The paradigm shift will be perceived mainly by automated users like trading bots, DeFi applications, etc. Microtransactions will not be possible (or by batch if the system allows them). The feeless chain is also a "slow chain" where the timescale between transactions is mirrored to real-life actions and does not suit robots well. As the DeFi ecosystem relies heavily on monetary incentives, the feeless chain will be of no interest for all applications relying on investment and return.
Conclusion
In this post, we have seen first the utility of the transaction fees to secure the blockchain and incentivize users to contribute to the network. I have presented several use cases of chains where fees are not required to incentivize users to contribute to the network.
Then, I presented a solution I designed and implemented for the Duniter blockchain. There is no fee for normal network usage and fees if the network is congested or under attack. This solution offers the same security guarantee as a regular chain while being able to process a high volume of transactions freely.

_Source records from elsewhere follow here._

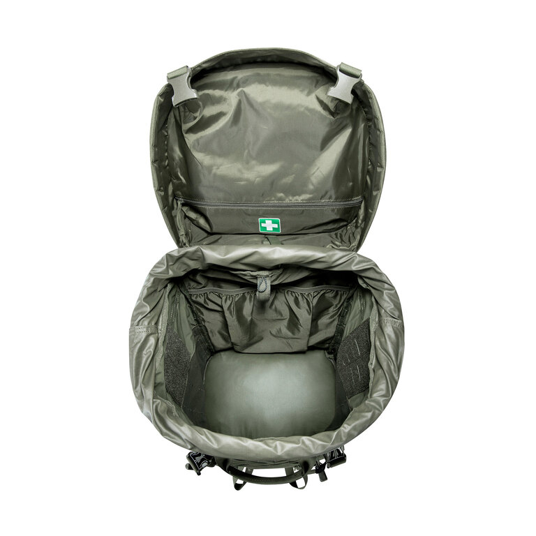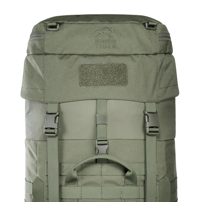 Základný objem batohu Base Pack 60 FO Tasmanian Tiger 60 litrov prispôsobíte podľa situácie vďaka rolovaciemu golieru, ktorý zvyšuje kapacitu až na 75 litrov. Veko je výškovo nastaviteľné a v prípade potreby ho možno úplne odňať. Uzatvorenie vo viacerých polohách pomáha prispôsobiť batoh aktuálnemu zaťaženiu a udržať obsah stabilný.
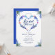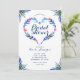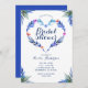 Bright Blue Floral Heart Botanical Watercolor Invitation
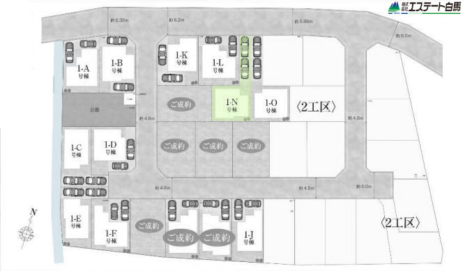 1-J号棟 6m幅員の道路に面しておりお車の運転が苦手な方でも安心して出入りいただけます。
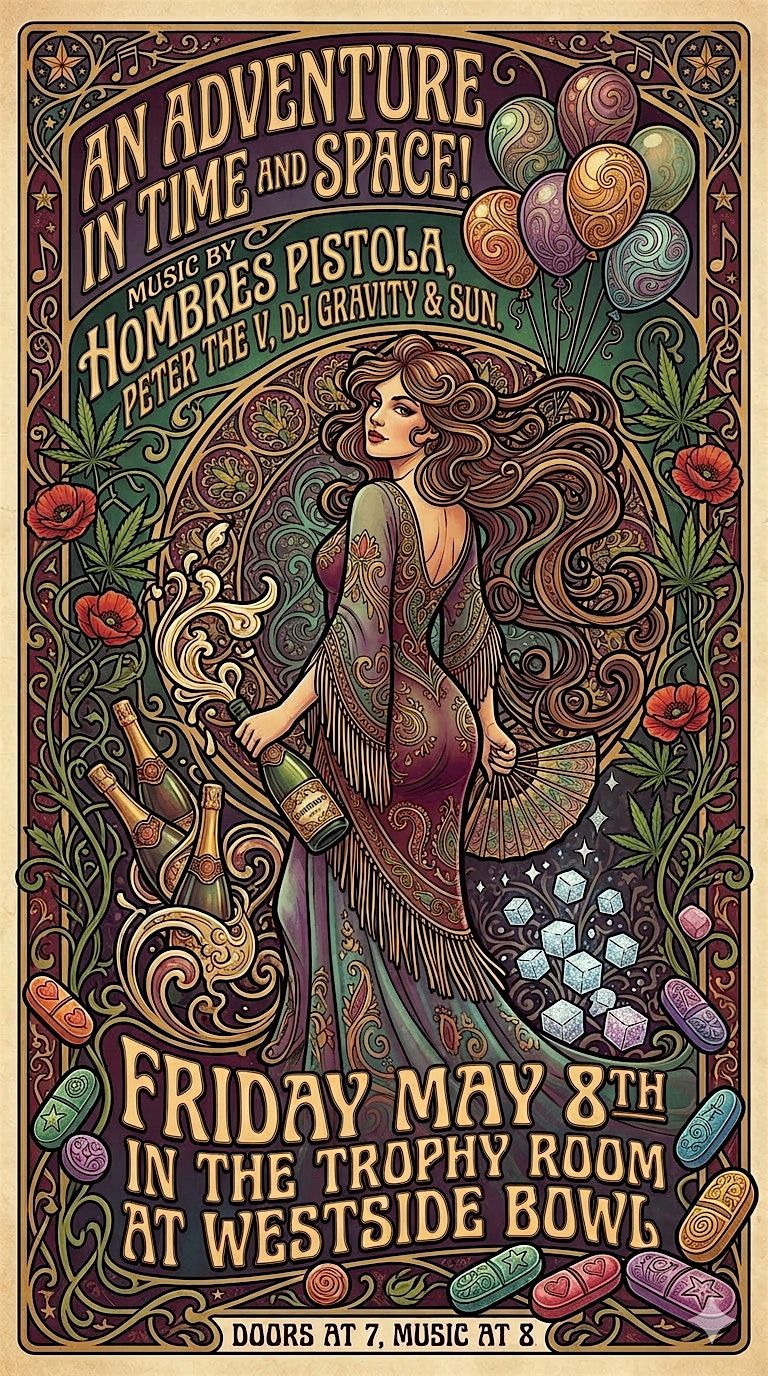 Come to the Westside Bowl for an Adventure in Time and Space with Hombres Pistola, Pete the V, and DJ Gravity & Sun!
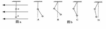 21.用两根长度相等的细线系住两质量相等,电量分别为+3q和-q的小球a、b。若在该面内加一水平向左的匀强电场E(如图a所示),则平衡后的状态为图b中的
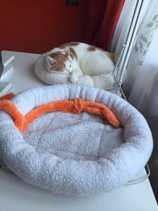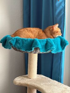 Für die beiden Körbe auf dem Kratzbaum gab es schöne neue Kuscheldecken, natürlich in blau, denn farblich muss bei unserer Angestellten immer alles zueinander passen. Mir ist es zwar wichtiger, dass mein Kinn beim Ablegen auf dem Korbrand weich liegt, aber ich muss zugeben, dass Matos rotbraunes Fell auf dem türkisblauen Polster hervorragend zur Geltung kommt ❤️.
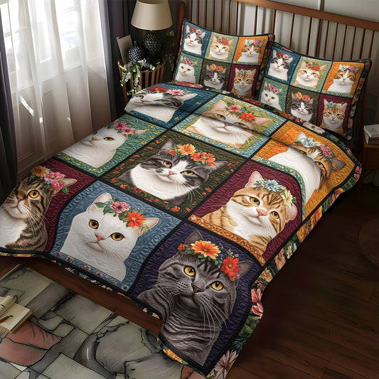 Flower Crown Felines 3-Piece Quilted Bedding Set NCU0TL1196
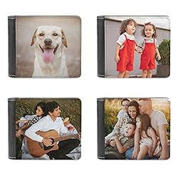 HOW TO CUSTOM: Please start by clicking "Customize now" button and click "Browse" button to upload picture, Also your can type your text you can choose the typeface and text color, and resize and adjust your image and text HIGH QUALITY MATERIAL: Customizable photo wallets for men are made of high-quality PU leather. The texture of the wallet is fine and smooth, comfortable touch, durable and soft, wallet appearance is high-end and fashionable, and the details show exquisite craftsmanship, for both men and women. LARGE CAPACITY WALLET:Men's leather wallet measures 4.6 x 3.7 x 1.0 inches. Bifold wallet includes 6 card slots, 2 hidden compartments, and currency compartments. It can easily store all your important cards, cash and ID cards, fully meeting your daily needs.Even if you put it in your trouser pocket, it will not feel bloated,and it is easy to carry. GREAT SURPRISE GIFT IDEA: Personalized men's wallets can add your favorite image/logo and name/text/initials.Custom wallet is perfect gift For Men Husband Bf Dad Son Uncle Friend. It Is A Great Gift For Father'S Day, Birthday, Valentine'S Day, Thanksgiving, Anniversary, Wedding CUSTOMER FIRST: We are committed to bringing customers the best experience.Portable wallet for men would be printed totally as your image, to achieve the best display effect for high quality wallets, please upload clear and high-definition images.
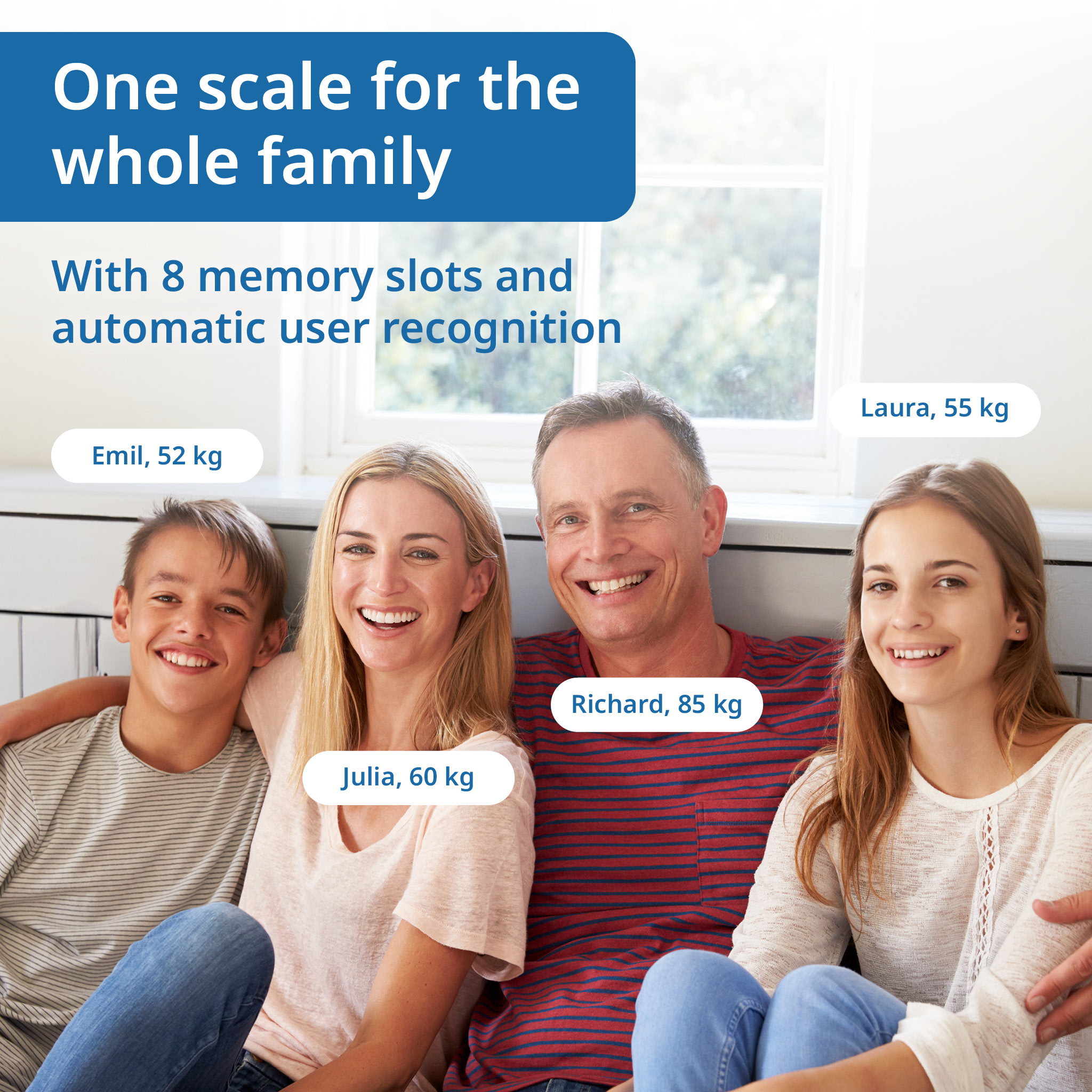 - Perfect for multi-person households: the bathroom scales automatically recognise up to 8 users and store individual values such as age, height and gender for accurate measurement results.
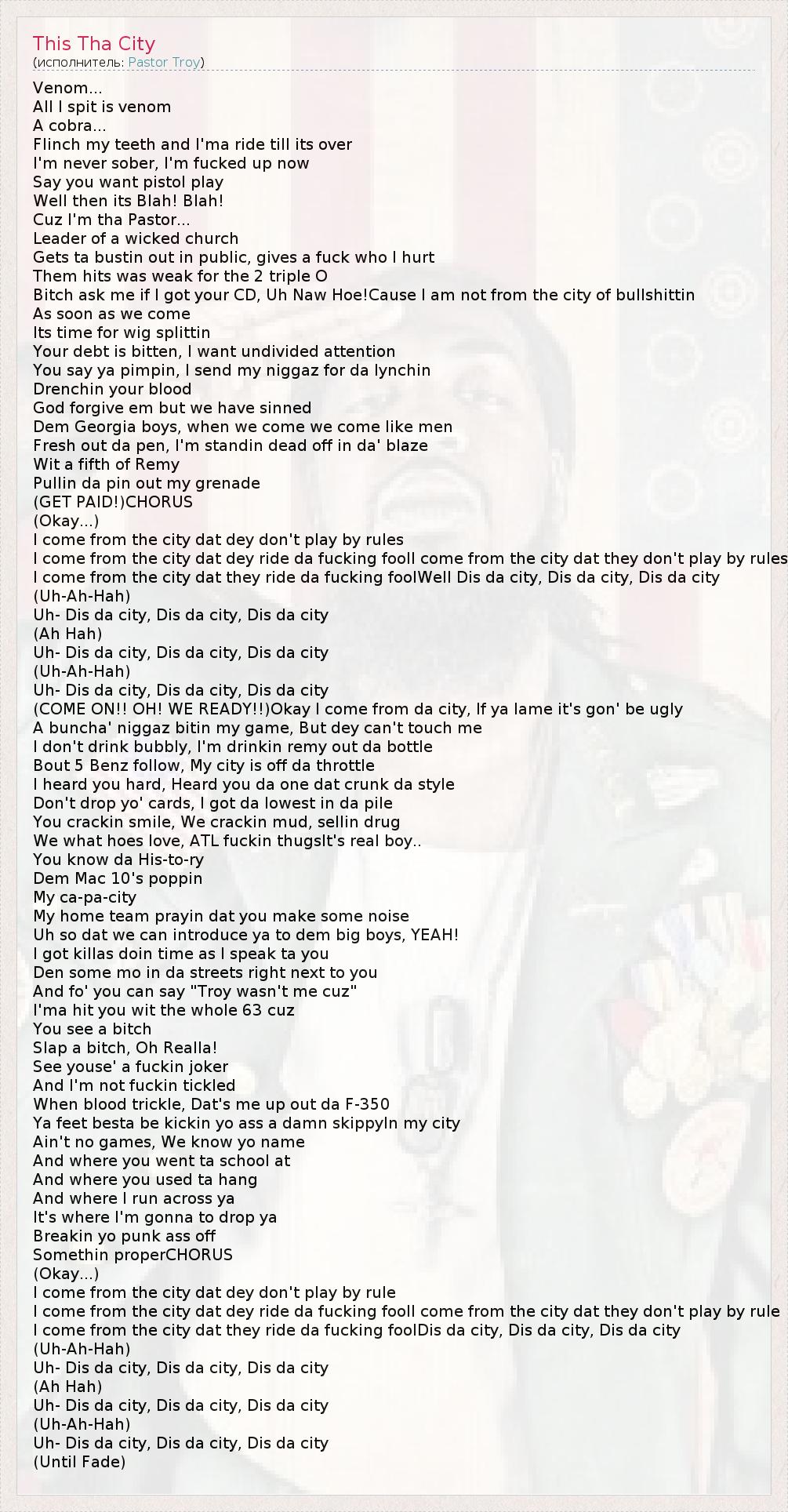 I come from the city dat dey ride da fucking foolI come from the city dat they don't play by rule
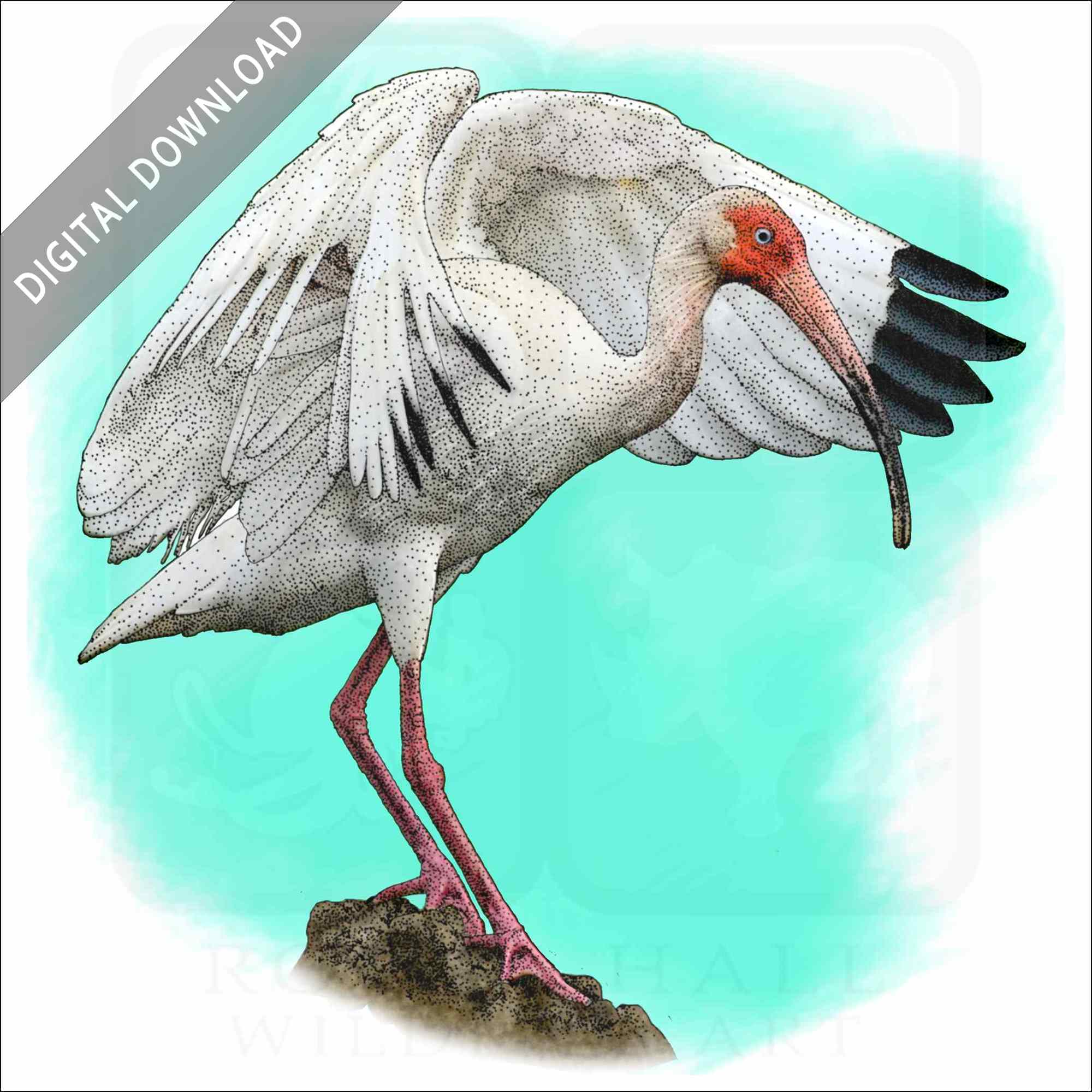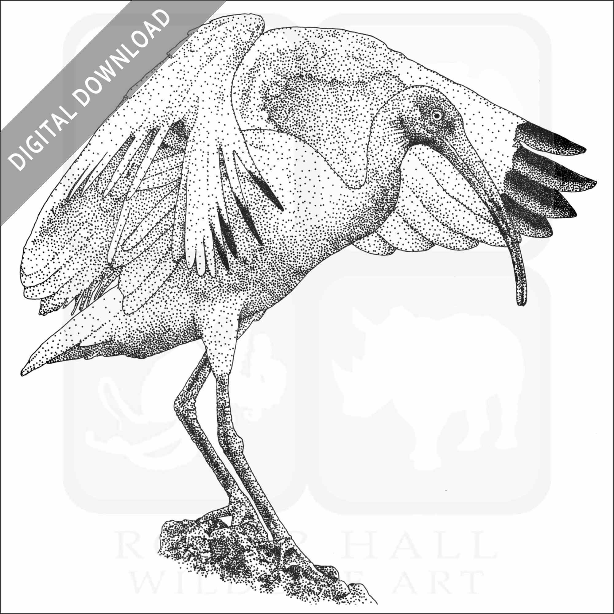 Stock art illustration of an American White Ibis (Eudocimus albus.)Â The illustration is available in black and white or color for immediate download.
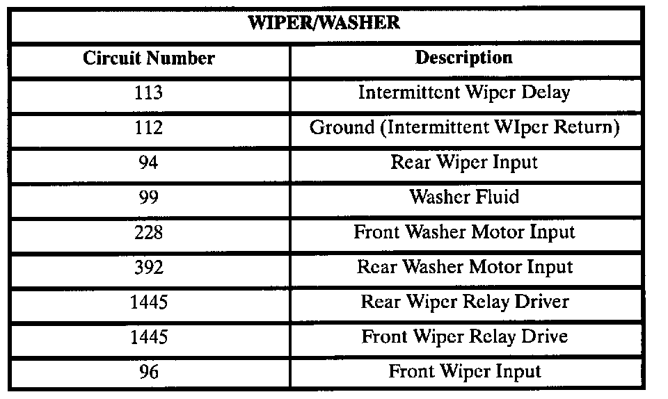 When operation of the rear wiper is selected, battery voltage from the rear wiper switch is applied to the rear wiper input of the BCM circuit 94. The BCM responds by switching circuit 1445-to-ground. This action energizes the rear wiper relay, providing power to the rear wiper motor.
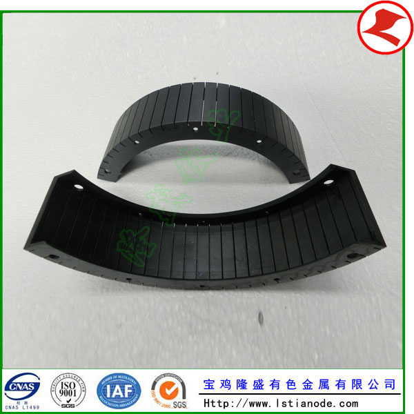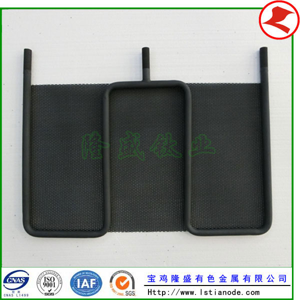 析氧钛阳极在酸性、中性电解质溶液中具有优良的电化学性能,长期使用寿命能满足各类工业电解、电镀、有机电合成、废水处理和阴极保护等需要。阳极在使用过程中不溶解、不污染产品,而且长期保证尺寸稳定,电解槽电压不轻易发生变化。
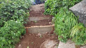 今回の補修作業に必要な木材4枚(1枚約12.8キログラム)、ペンキ缶(3キログラム)、鉄筋杭など、かなりの重量になりました。
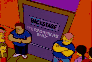 Clear the way. Clear the way! Performer coming through! This is so exciting. Last time I got to go backstage was when Bart ripped his pants at the Christmas play. - Mom! - Ha-ha! Hello, bands!
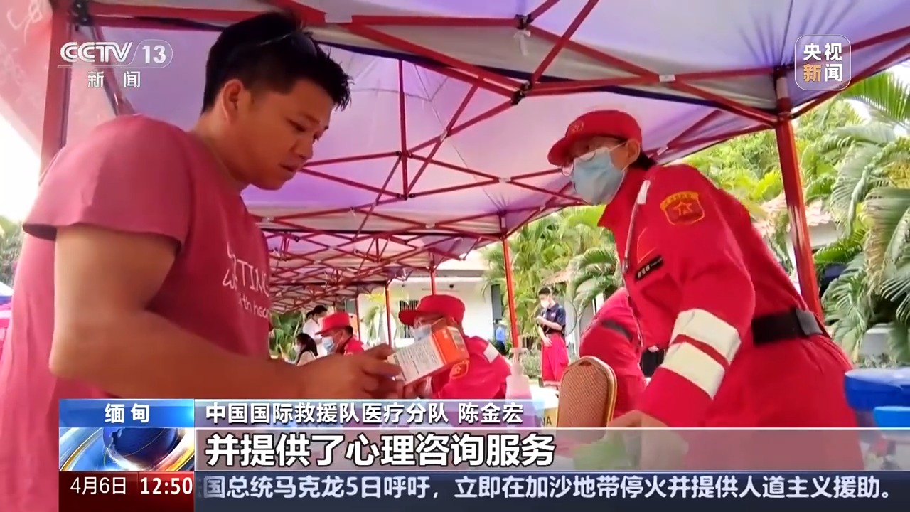 *總枱央視記者 唐國榮:*這裏是緬甸曼德勒的多金堰地區,來自中國救援隊、中國國際救援隊和中國香港救援隊的醫療隊員們,來到這裏為緬甸地震中受災的人員開展各種醫療救助服務。

In the last part, I presented a standalone implementation for a totally feeless chain where each user gets a transaction rate restriction. This solution offers the advantage of having a very predictable behavior for the user, the main disadvantage being that the number of transactions is limited.
To conclude, each solution has its respective case of application and limitations that need to be considered. In each case, the implementation using the template or the dedicated pallet is straightforward.